Senior executives see Web 2.0 as a tool to increase revenues but they could be held back by a lack of know-how within their firms, according to a new study.
A report, entitled Serious Business: Web 2.0 Goes Corporate, was conducted by the Economist Intelligence Unit (EIU) and sponsored by enterprise search business Fast. The survey asked 406 senior executives for their views on Web 2.0 - a term applied to the perceived transition of the World Wide Web to a platform for online software applications populated by user generated content rather than just a collection of websites.
The vast majority - 79 per cent of respondents - said they saw potential in the likes of blogs and social networks to boost company revenues and reduce costs.
In spite of this desire to cash in, many businesses cited a lack of understanding of the technology as a barrier to using it. Over a quarter of respondents said their IT departments lacked the competence level to implement Web 2.0 applications effectively.

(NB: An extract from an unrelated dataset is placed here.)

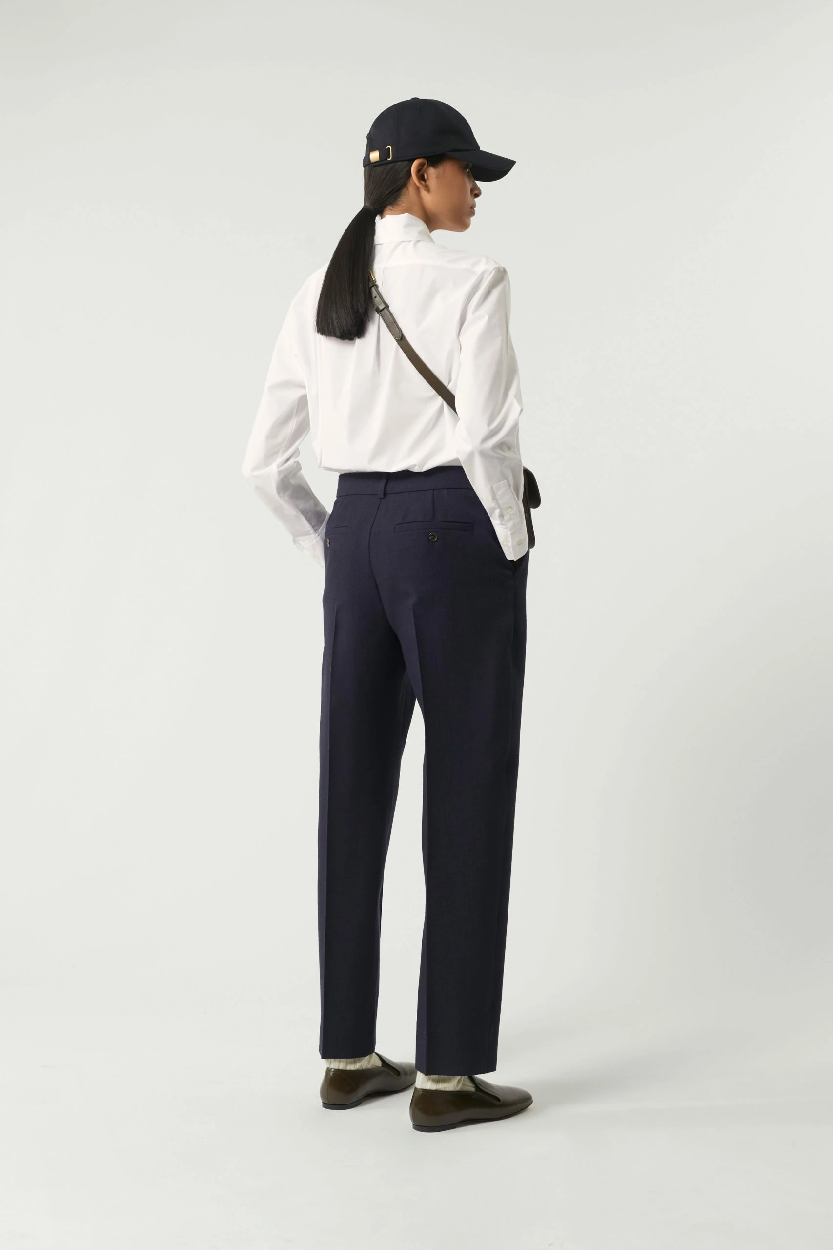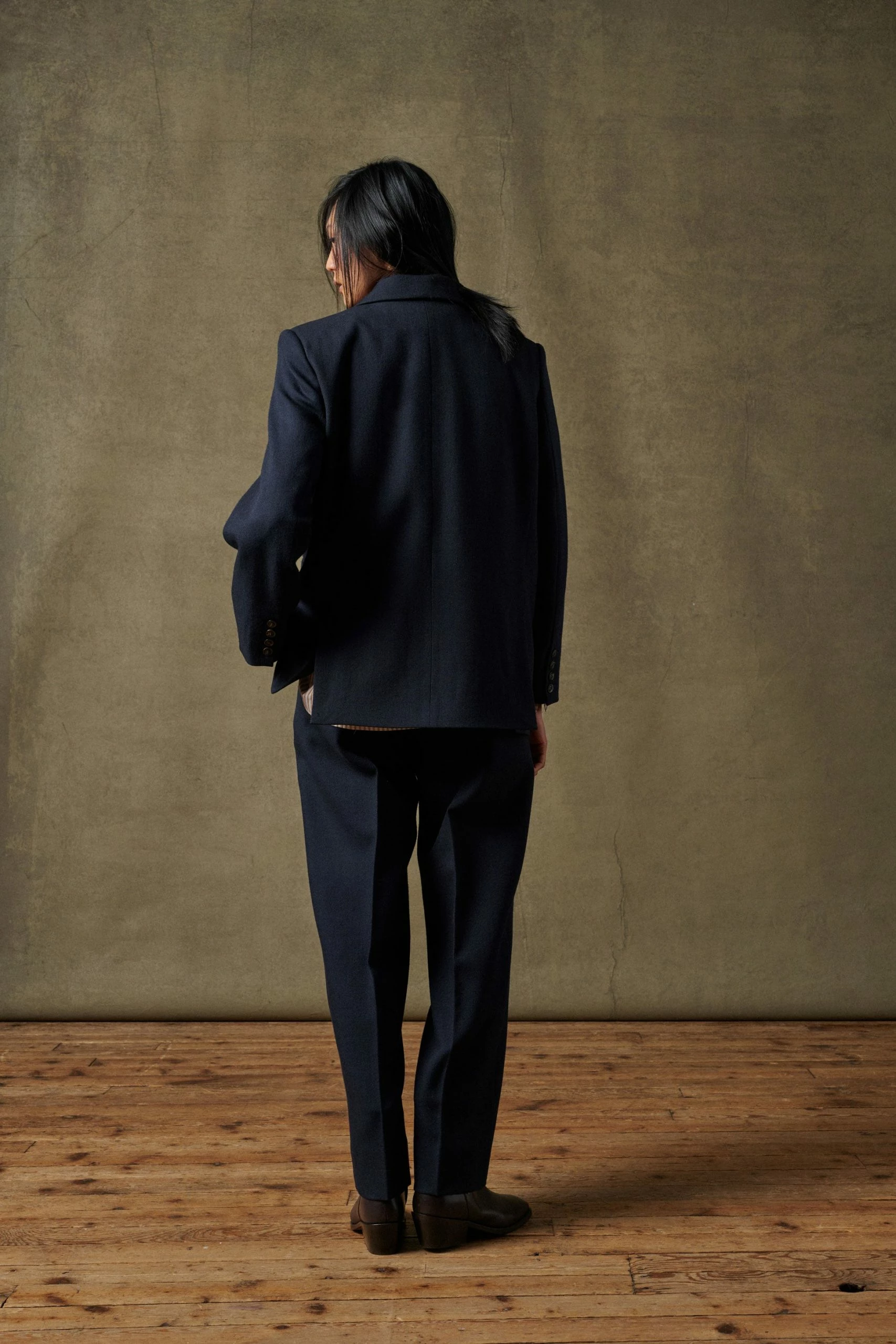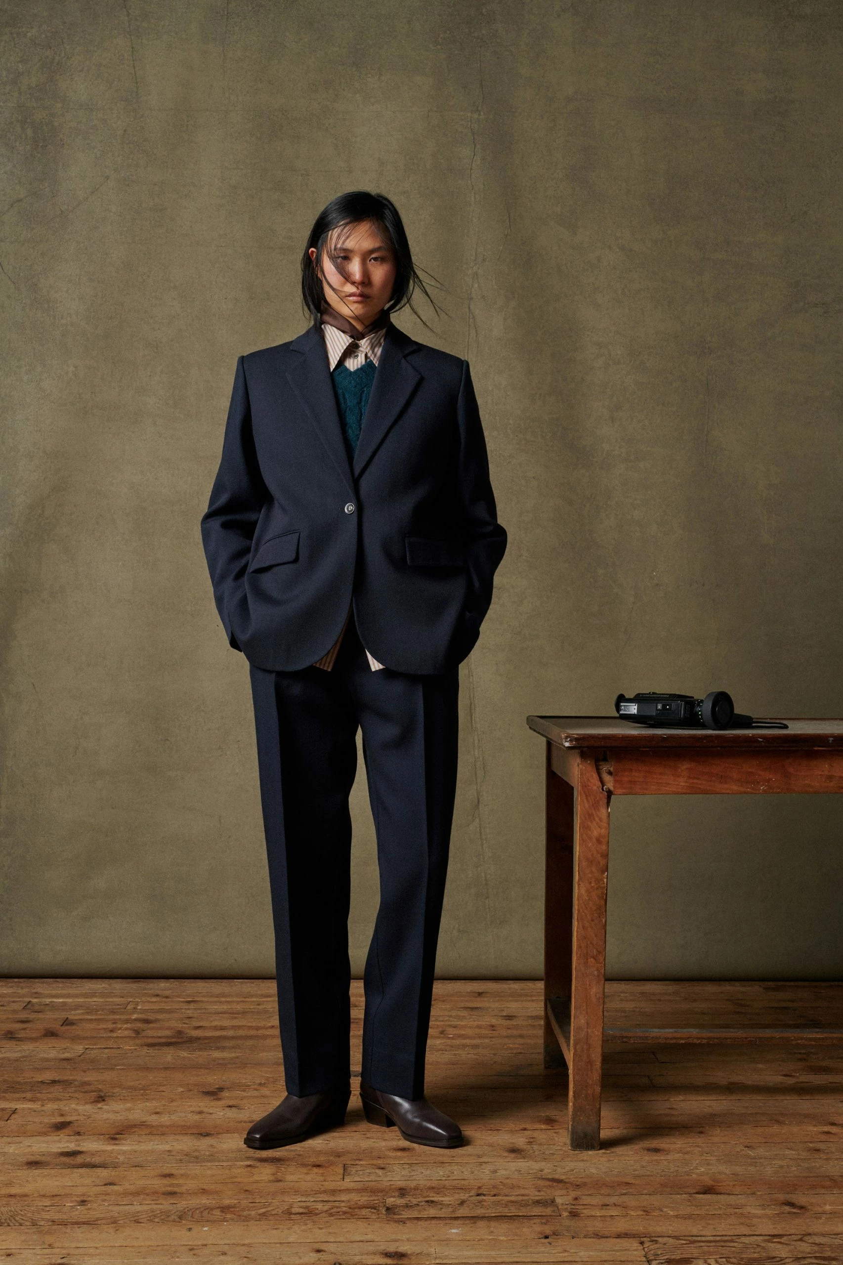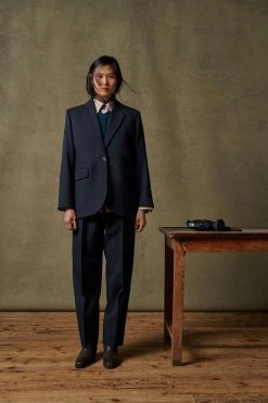 Roméo est un long pantalon à pinces sobre qui est terminé par un grand ourlet afin de laisser la possibilité d’allonger le modèle ou faire un revers. Il s’accompagne de la veste Sèvres également composé d’un sergé de laine épais et qui reprend tous les codes d’une vraie veste de tailleur.

A third of executives questioned said a lack of resources to implement these new functions represented a major obstacle to their business. "It's a matter of freeing up or hiring new [programming] resources. There are too many projects to complete and not enough resources, I can't find enough people," Stephen Baker, chief executive of search at Reed Business, told the EIU.
While there may be barriers to embracing Web 2.0 the study found that businesses expect it to play a key role in how they communicate, both internally and externally.
The report found that 68 per cent of executives considered it to be the single biggest factor changing the way their company interacts with customers while 49 per cent said it would be the biggest factor affecting how employees interact with each other and the business.